Honda hosted an in-depth look at its future plans for electrification, both locally and globally, providing more details on how it plans to bridge the current scarcity of electric vehicles and the two million vehicles it plans to sell annually by 2030. As you can imagine, the watch – a long, full-fledged Powerpoint presentation Reporting dry numbers, battery plans, and several domestic market electric cars we’ll never see (and Honda didn’t show up) it was fairly standard business update fare.
Near the end of the show, Honda indicated that of the 30 electric cars it hopes to offer by 2030, among those are two sports cars, which are ridiculed in the photo above.
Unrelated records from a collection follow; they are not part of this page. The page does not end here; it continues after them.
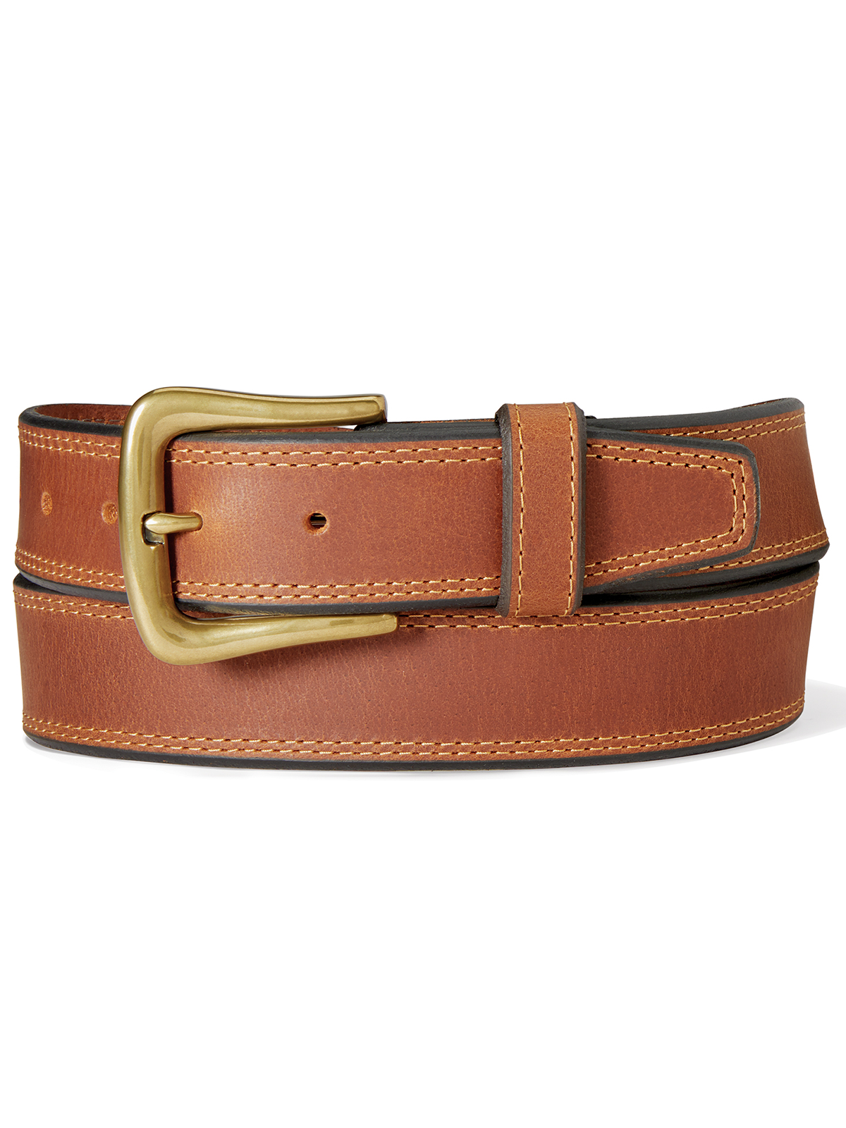 Naturally milled vegetable tanned leather with double-stitching detailing and a brass finished buckle make this belt as great-looking as it is durable.
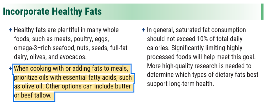 甚至连美国的新版膳食指南也没敢推翻饱和脂肪酸低于10%膳食热量这条红线。但为了夹带MAHA网红营养学的牛油黄油私货,新版膳食指南出现了荒唐的自我矛盾。
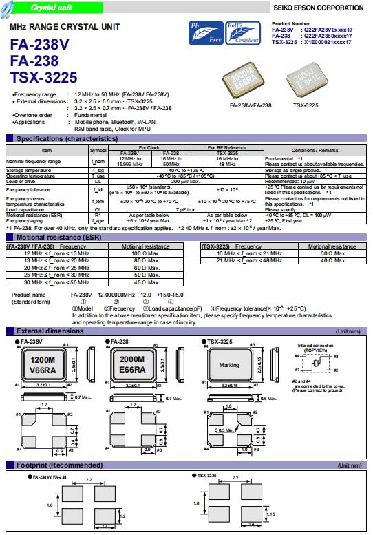 (2) 在設(shè)計(jì)時(shí)請參考相應(yīng)的推薦封裝.愛普生晶振FA-238,Q22FA23800047無源貼片晶振
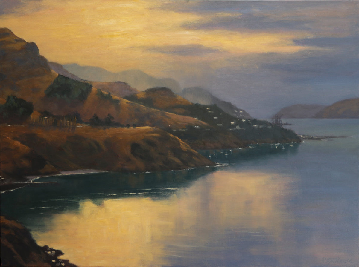 I enjoy capturing the low sun reflected on water and the resulting atmospheric conditions. Invariably these emphasise the distance in the painting pushing out the far from the near.
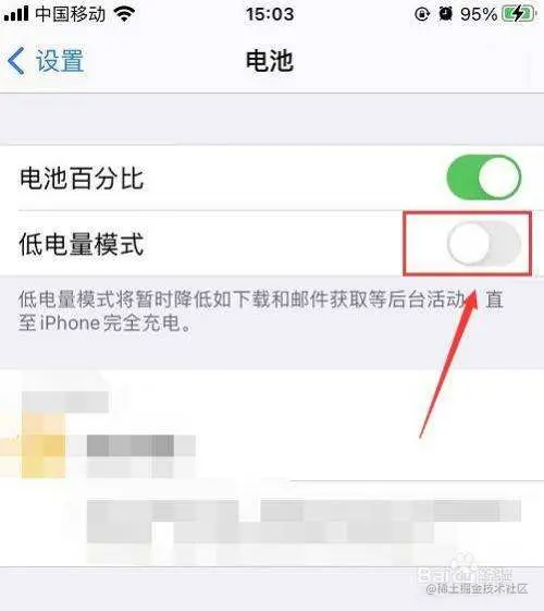 注意,由于限制了电池消耗,某些功能可能无法工作会需要更长的时间来处理,例如电子邮件收取、嘿Siri、后台程序刷新、自动下载、自动锁定、iCloud照片等.
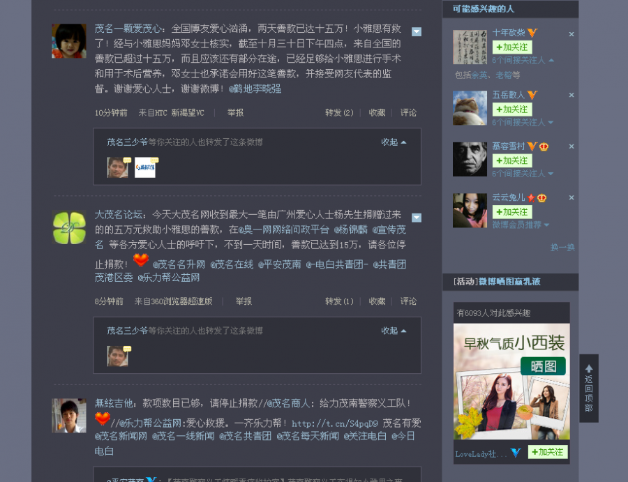 茂名在线网友一颗爱茂心:经茂名在线微博和网友三少爷等人的微博转发,特别是粉丝群巨大的微博局长李晓强转发后,引起很多知名博主的关注,如奥一网问政平台,南方民间智库,凤凰卫视前主持人杨锦麟等人,他们的积极转发让全国很多网友都知晓了小雅思的紧急状况,反响巨大!截至10月29日下午5点,小雅思妈妈的邮储帐号已经收到3万5千元的捐款,其中大部分是国内其他地区网友汇来的,我们相信,这场爱心接力一定会延续下去,油城人的爱心也一直充沛涌动,一定会在3天内为小雅思筹到10万救命钱的!谢谢! 茂名电视台一线新闻已播出新闻,呼吁广大热心市民踊跃捐款帮助小雅思 [attachmentid=302243] [attachmentid=302244]
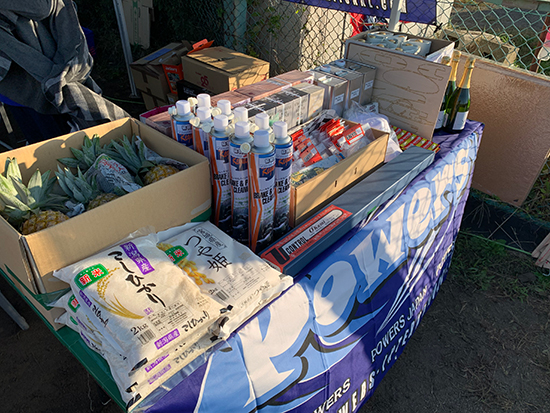 沖縄の長谷川様から、パイナッピー杯の景品にとパイナップルを送っていただき、佐藤氏の旧友からは写真付きのお酒を協賛していただきました。他にお米やカセットコンロなどもご用意いたしました。 |
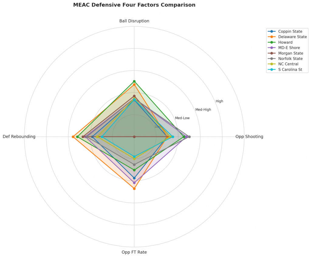 Figure 3: Defensive Four Factors comparison across MEAC teams. The radar chart shows each team’s opponent shooting defense (Opp eFG%), ball disruption (forcing TOV%), defensive rebounding (DREB%), and opponent free throw prevention (Opp FT Rate).
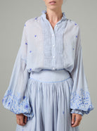 Slava Blouse - Wild Flower Embroidery - Blue
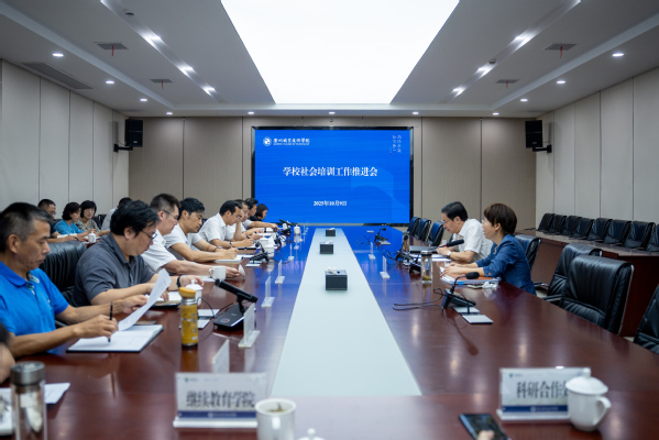 徐须实讲话。他指出,随着今年经济形势与培训模式发生变化,对标对表学校2025年社会培训工作目标,今年学校社会培训工作存在任务重、时间紧的情况,学校社会培训相关工作遇到新的考验,需全校上下群策群力。他要求,各部门认识要再提高。社会培训工作是学校的亮点工作,是服务地方发展成果的一个重要体现,要深刻认识到社会培训是学校推进新校区、新“双高”、新愿景工作的重要抓手,必须从战略高度重视这项工作。任务要再明确。要确定合理任务目标,避免过度拔高指标,各学院和部门以责无旁贷的姿态,找准各自赛道,明确工作职责和重点,加强协作,全力以赴推进,确保任务落实到位。力度要再加大。承训单位要加大组织力度,主要负责人要亲自抓项目开发、组织统筹、考核激励;继续教育学院要加大指导力度,发挥资金、师资库等方面的优势给予相关部门专业指导;科研处要加强向上的对接和数据的统计,做到应统尽统,应统快统。质量要再提升。要以“线上+线下”“理论+实践”的模式,切实将培训工作落实到强化培训人员技能水平的提升上,将培训成果转化为服务地方经济社会发展的实际效能。
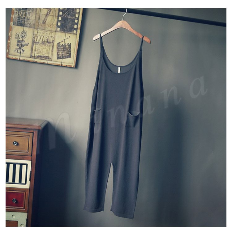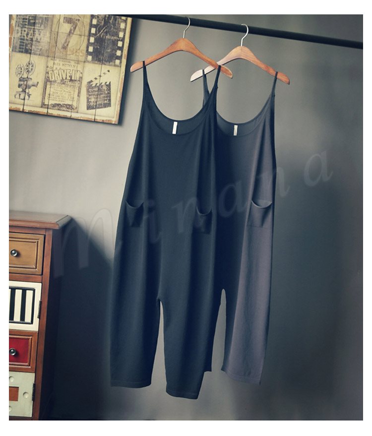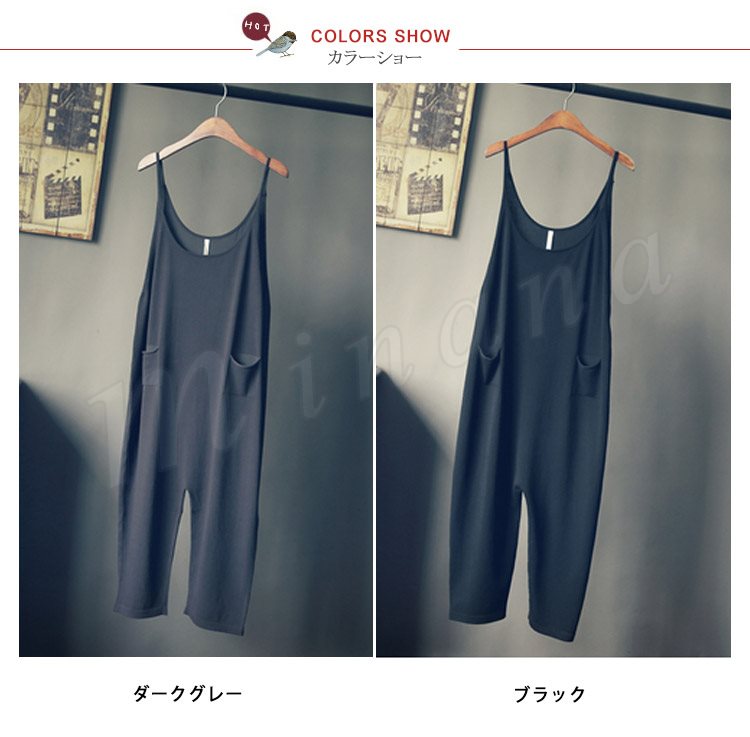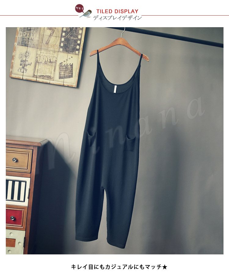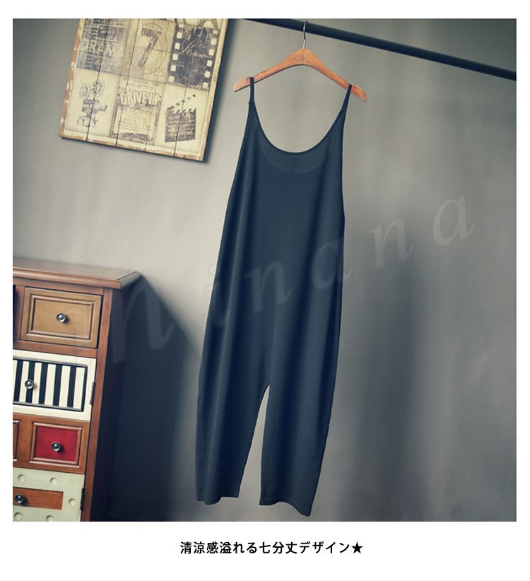 レディースサロペットパンツオールインワンオーバーオール森ガール系七分丈パンツサルエルパンツカジュアルパンツポケット付きゆるパンツ
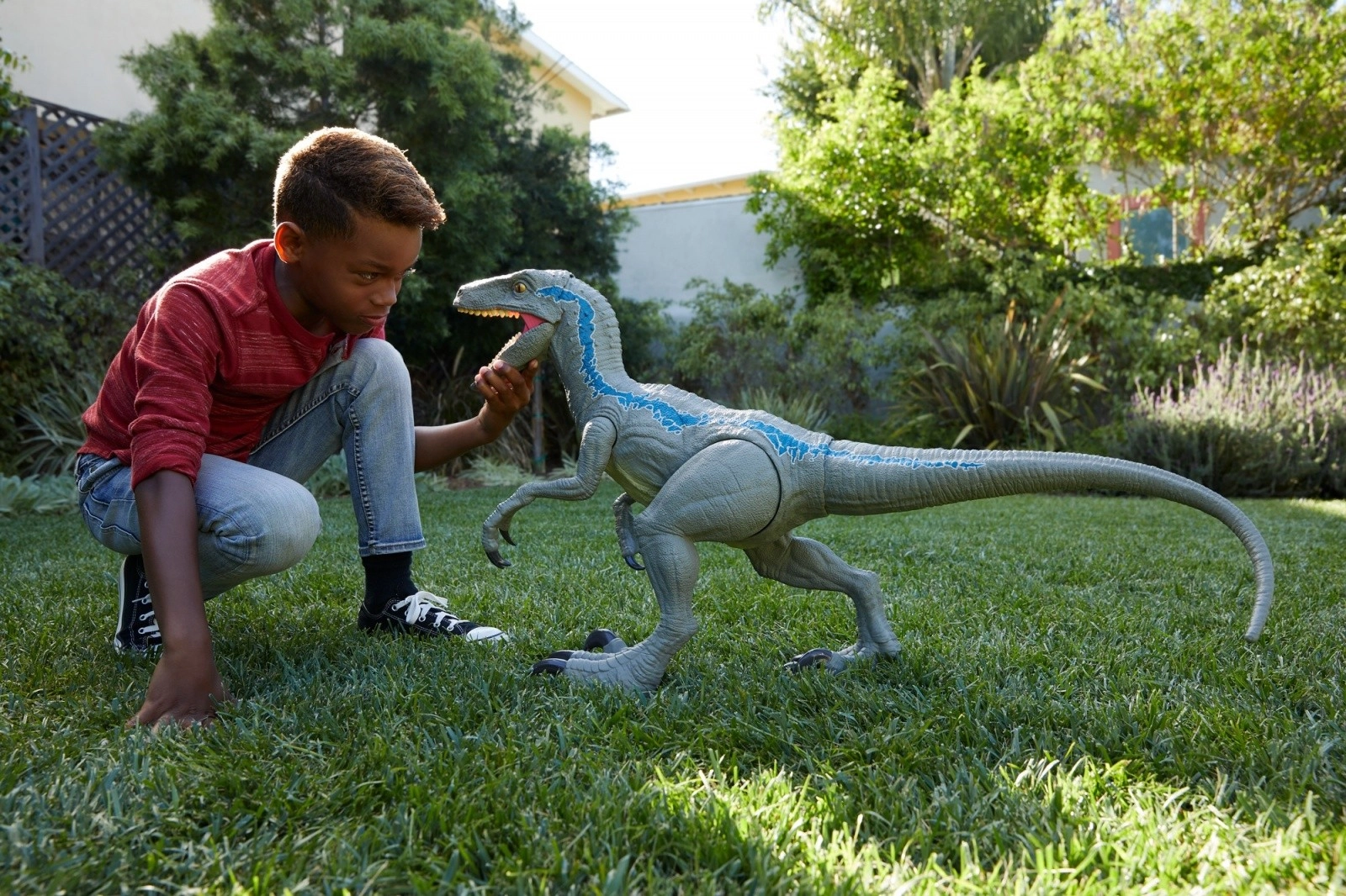 Blue mide aproximadamente 45 cm de alto y 106 cm de largo: el centro perfecto de cualquier mundo jurásico y un efecto wow instantáneo.
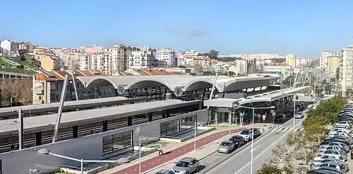 Agualva-Cacém Station opened on 2 April 1887 as the junction point between the Linha do Oeste and the Sintra Line between Alcântara-Terra and Sintra. The southern terminus of the Sintra Line was shifted to Rossio following that station's completion on 11 June 1890.[5] The station received an extensive modernization starting in 2007 as part of a Sintra Line renovation project.[6] The new station building was inaugurated on 6 May 2013, with the addition of quadruple tracks and another set of platforms.
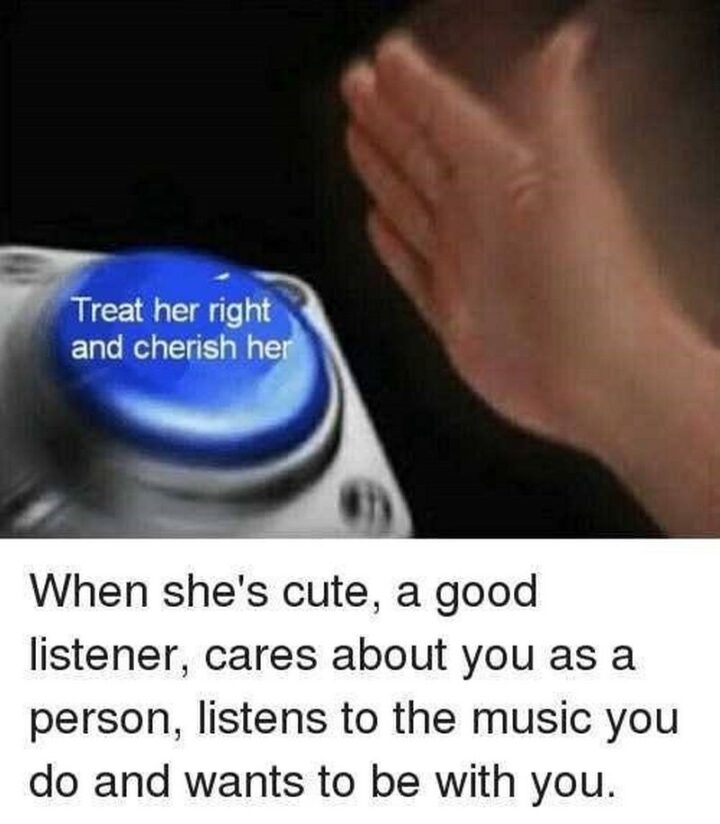 “When she’s cute, a good listener, cares about you as a person, listens to the music you do, and wants to be with you. Treat her right and cherish her.”

Honda has not released any other information other than saying they are “electrified,” although it’s possible that these are plug-in hybrids or plug-in hybrids, given where the automaker is headed, it seems most likely that the cars are all-electric. Here’s what we know and what we can glean from that tantalizing preview, which mentions a “special model” and a “flagship model” without specifying which is which. So, we took a stab at sorting out the two:
The sports car on the left is what we think might be called a “specialty model”. Obviously, in a classic coupe-like front-engined rear-wheel drive, this one would definitely look special in a throwback way towards the end of the decade. We say it “mimics” a traditional sports car because, well, it would have a motor (or motors, plural) and could be mounted on a driven axle(s), not necessarily in the front of the vehicle. But you get the point. Whatever lies under that paper – New Era S2000? Kind of introduction? All-new nameplate – looks as seductive as all finished cars, with smooth bumpers, curved rear roof and Ferrari Roma Esque nose.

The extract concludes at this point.